A friend suggested that this is the place to go if you really just want to eat fish and chips - it's unpretentious, and the food is straightforward, tasty and filling.

28 April 2008

The Amber-Rose at Kalk Bay

posted by Paul
Kalk Bay is a small sea-side suburb of Cape Town, situated on the False Bay coast, and known mostly for its harbour and small fishing boats - the Amber-Rose being just one of many.

It was a cool and windy day today, so walking out on the pier was a somewhat chilly experience. Nevertheless, we saw hardy fishermen casting their lines, taking their boats out to sea, and gutting their catch along the water's edge. I truly think that fishermen must be a special breed.

27 April 2008

General Electric

posted by Paul
General Electric RadioGeneral Electric is one of the hugely pervasive brands that made its way to South Africa many years ago, in 1894. The company left our shores in 1985 in a stand against apartheid, returning only in 1995 after apartheid had been abolished.

I'm not sure how old this radio is. Some of you might remember it from the days of your youth. If you click on the photo you'll see a larger version with a list of countries and cities like Moscow, France and Norway. Surely it's not possible that a radio in South Africa could actually receive a signal from as far away as Moscow?

26 April 2008

Cheetah!

posted by Paul
We visited the Cheetah Outreach Project at Spier wine estate today.
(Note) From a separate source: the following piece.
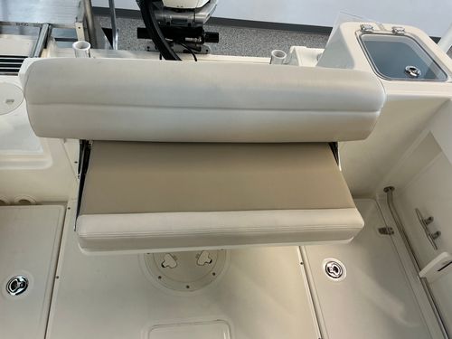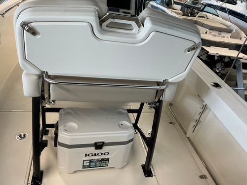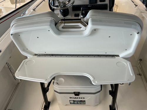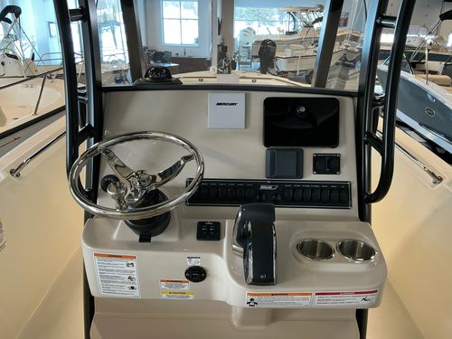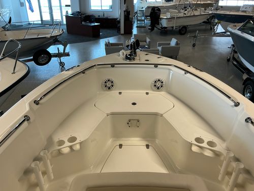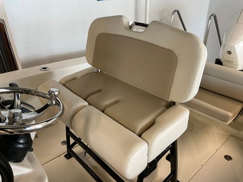 The 230 Outrage by Boston Whaler can take you from the bay past the breakers to target the species of your choice. Integrated Simrad® technology at the helm keeps you in control of all navigation and internal functions, and a carefully designed interior layout makes this the most fishable boat in its class. A convertible leaning post conceals a handy work station and extra aft-facing seating, and storage throughout this 23-ft. center console boat provides room for everything your adventure requires.

The facility is a cheetah conservation project that serves mostly as a conservation education facility and fund-raising initiative.

So, on your next trip to Cape Town be sure to visit the Cheetahs at Spier. If you bring a little extra money along you'll have an opportunity to visit the cheetahs inside their enclosure, and even stroke them - if you're brave enough!

Being able to reach a speed of 120km/h makes the Cheetah the fastest land animal around. They are reportedly able to accelerate from 0 to 110km/h in only 3 seconds... which is more than twice as fast as my 6-cylinder BMW!